Ever since my diagnosis, I have felt more at peace in my life than I have in a long time. I regret the delivery mechanism, but that’s reality for you; sometimes the lesson one has to learn comes with a price. While that is nevertheless true, I walk forward with a great deal of hope. My future has finally started to take a shape that makes sense for me, and I am very pleased with the direction it leads. I will be able to dedicate my time to advancing myself forward in the world and finally earning my degree. I will lift myself up out of this life I have and go where I have always wanted to go; unencumbered, self-invested and free to be who I am. I feel like I have been blind for so long, and suddenly…
I know what I’m going to do, and next week is all about putting the ball in motion. I’ve got 4 transcripts to collect and then I get to go school shopping. I intend to apply for scholarships and grants to try and fund my education, while I continue to work full time. Can I really do both of these things? Yes, I think so… especially now that my internal priorities have dramatically changed. It pains me to say it, but being infected was exactly what I needed to jolt me out of my complacency and make me see the whole picture of my unfolding life.

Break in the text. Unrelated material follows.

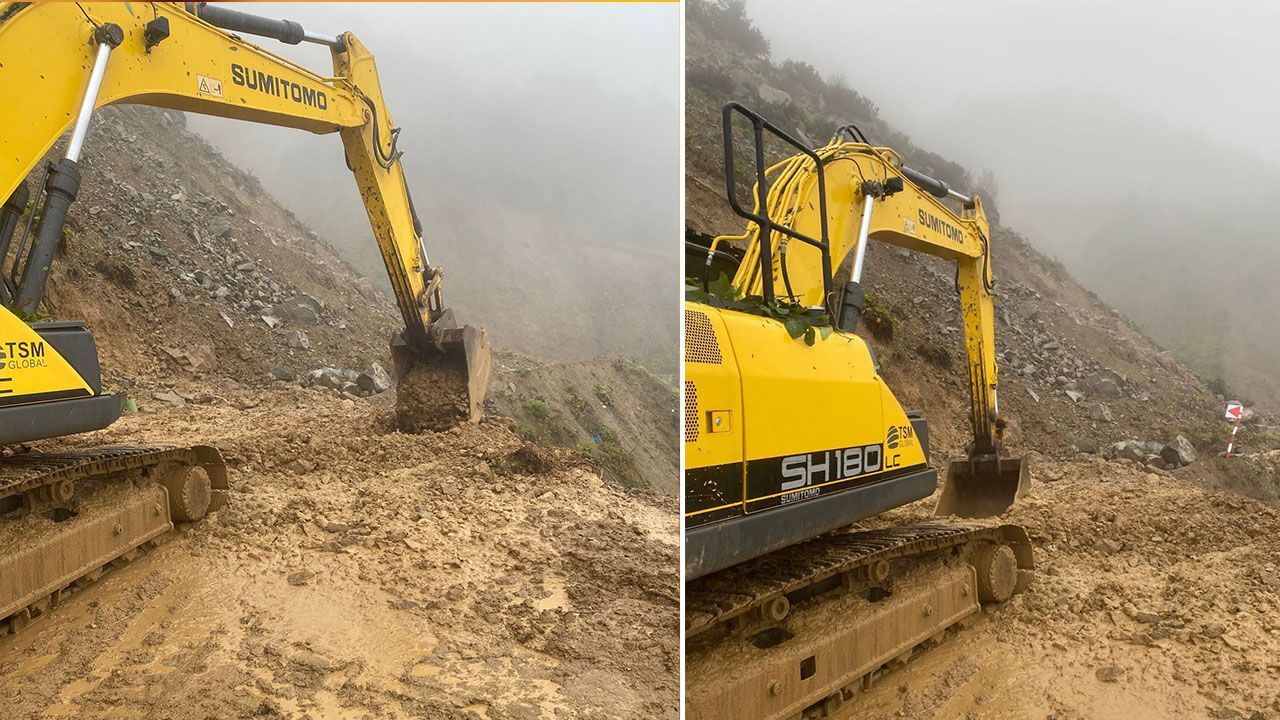 Yayla yolunu ulaşıma açmaya çalışan iş makinesi, yamaçtan kopan toprağın kaymasıyla heyelanın altında kalmaktan saniyelerle kurtuldu.

The best part about this situation is how right it feels. Subsequently, it doesn’t seem manic or out of control at all, instead, more like the sun has just burned through a thick fog. Or that feeling right in the middle of my first cup of coffee in the morning, when the cobwebs blow away. What is to become of me? I think many good things, and even more opportunities for them that I am making for myself. I do have hopes and dreams and they will be realized damnit!
I don’t recommend getting an STD as a way to jolt oneself out of a depressed cycle, regardless of the effect it had on me. When calamity strikes, it can take myriad forms; this just happened to be the one selected for me. Yours may be different: a death in the family, a lost pet, car accident, breakup… pain and shock can be boons as well as burdens. Those moments force us to harshly reconsider our current course of action, especially when the calamity is self-invoked (like mine).
So my point is, maybe when something truly life changing and terrible happens to you, there is a good reason it did. The real question is, can one find meaning despite great pain or sadness?